While full‐length S proteins of SARS‐CoV‐2 and SARS‐CoV have up to 76% similarities in amino acid sequences, the N‐terminal domain that binds to the receptor shows only 53.5% of homology reflecting its potential to bind different sugars. Therefore, emphasizing on other virus entry‐related factors like cathepsin seems valuable for SARS‐CoV‐2 drug discovery. In fact, host proteases cathepsin L and TMPRSS2 prepare the SARS‐CoV‐2 S protein for cell entry (Walls et al., 2020). Considering the results of repurposing strategies and clinical tests until now, remdesivir seems a promising dual‐acting drug (inhibiting viral RNA polymerases and 3C‐like main protease). Studies conducted so far suggest the drug might cause some minor side effects including nausea, liver damage and cardiopulmonary failure. Beyond the ongoing studies of remdesivir, now researchers are hoping to explore whether the remdesivir can be combined with other anti‐viral drugs for making a more effective SARS‐CoV‐2 combating cocktail. Six clinical trials are currently underway to specify testing remdesivir with other medicines, according to Informa Pharma Intelligence. Nevertheless, HIV protease inhibitors (ritonavir/lopinavir/ASC09), favipiravir and chloroquine need further investigations.

5. FUTURE DIRECTIONS

As we proceed with the current molecular docking studies and presuming the effectiveness of the existing anti‐viral compounds, the de novo drug discovery will join to evaluate the modulation of the new molecular targets of SARS‐CoV‐2 in bioassay platforms which were discussed above. To accelerate the long, costly and rigorous process of drug discovery, high‐throughput methods and high‐content screening methods can be employed. However, by the immediate global need for drugs to control the SARS‐CoV‐2 infection drug search is currently pursued by the repurposing approach. Accordingly, the critical viral life cycle steps like entry, genome and protein synthesis reflect the multiple drug target groups not limited to 3cl pro and RdRp that can be addressed by the conventional de novo strategy of drug discovery. Assembly and release inhibitors are less considered steps in SARS‐CoV‐2 life cycle for its drug discovery. While most of the drug cases for SARS‐CoV‐2 are registered for the control purpose rather than prophylaxis; S protein, integrins and ACE2 targets are of value for drug repurposing or discovery programmes to hinder the viral entry and fusion process.
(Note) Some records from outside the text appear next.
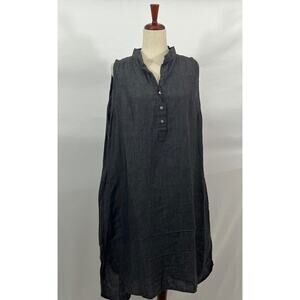 SOUTH STREET LINEN SOST Sz 3 XL 18/20 Charcoal Gray Sleeveless Jane Linen Tunic Dress
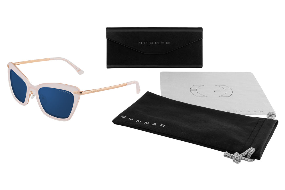 Glam up your video conference look with these colorful cat-eye frames. Inspired by GUNNAR's Nordic technology roots, Anna forms an elegant part of our Kista Collection. Featuring a polymerframe with a hand-polished, lustrous nish, Anna comes in three unique colorways. Designed with the benets of patented GUNNAR lens technology, this frame features adjustable nosepads for added comfort. Available in the GUNNAR's most popular lens tints, Amber and Clear, Anna provides the industry best in digital eye strain and blue light blocking.
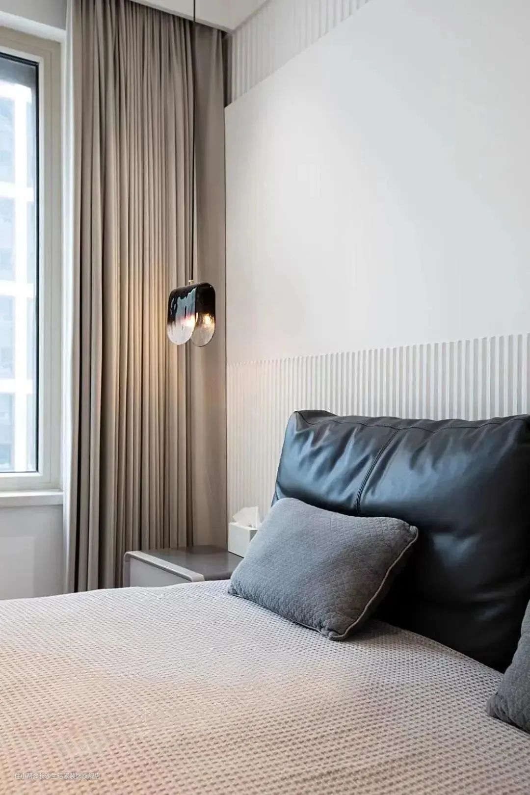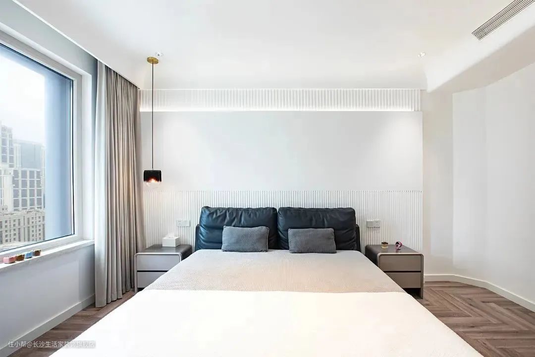 主卧原本采光充足,做无主灯设计,让整体空间更加简洁。弧形吊顶,让空间更柔和,床头墙面利用石膏线条拉伸空间,搭配灯带和创意床头吊灯,视觉上更有层次感。
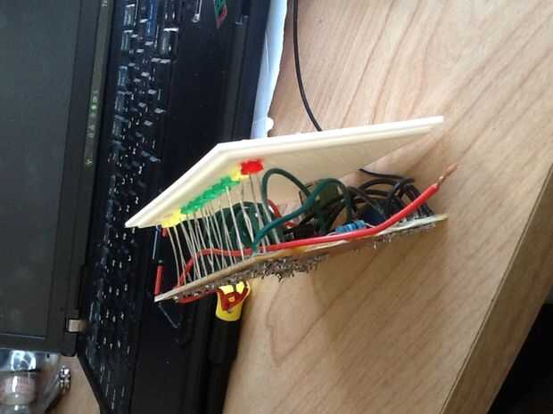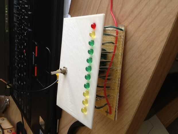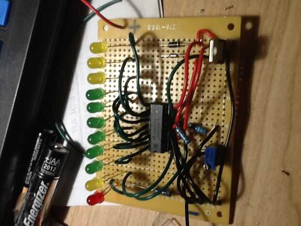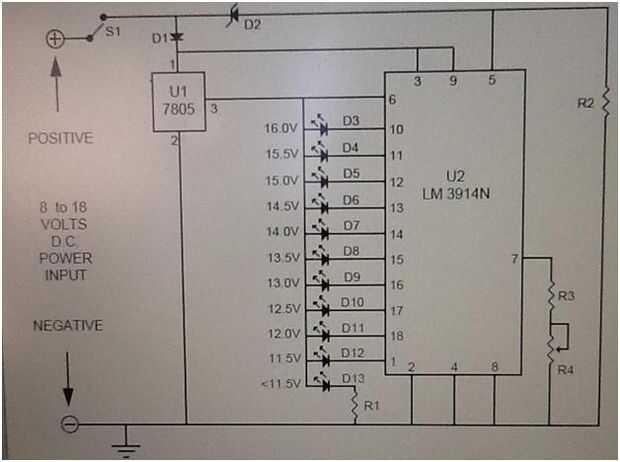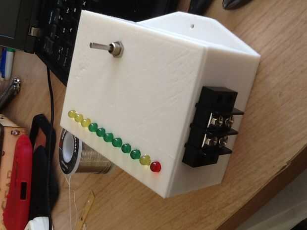 Es un indicador para las baterías lead-acid, es un LED bar voltímetro gráfico con una escala que comienza en menos entonces 11,5 voltios hasta 16 voltios.
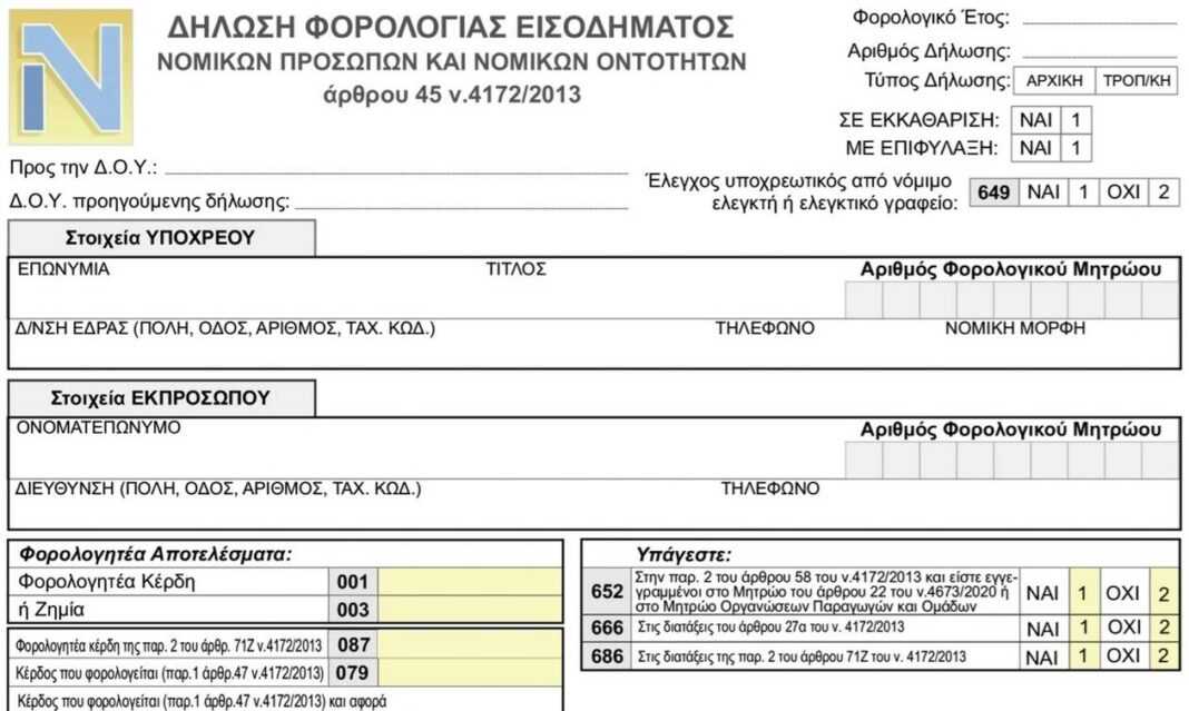 Δημοσιεύτηκε στην Εφημερίδα της Κυβερνήσεως ο τύπος και το περιεχόμενο των δηλώσεων φορολογίας εισοδήματος φορολογικού έτους 2020 των νομικών προσώπων, το γνωστό έντυπο Ν.

Considering the fact that the primary goal of all viruses is to deliver and replicate their genome to the competent host cells, blocking angiotensin‐converting enzyme 2 (ACE2), cathepsin L, 3Cl protease and RdRp are suggested to be promising targets for anti‐SARS‐CoV‐2 drug discovery.

CONFLICT OF INTEREST

No conflict of interest is declared on the data collected and interpreted in this paper.

ETHICAL APPROVAL

The authors declare that no ethical was needed for the current non‐experimental paper.

ACKNOWLEDGEMENTS

This paper was not funded by any organization.

Almasi F, Mohammadipanah F. Hypothetical targets and plausible drugs of coronavirus infection caused by SARS-CoV-2. Transbound Emerg Dis.2021;68:318–332. 10.1111/tbed.13734

DATA AVAILABILITY STATEMENT

The paper is a review and does not have original experimental data to make them available.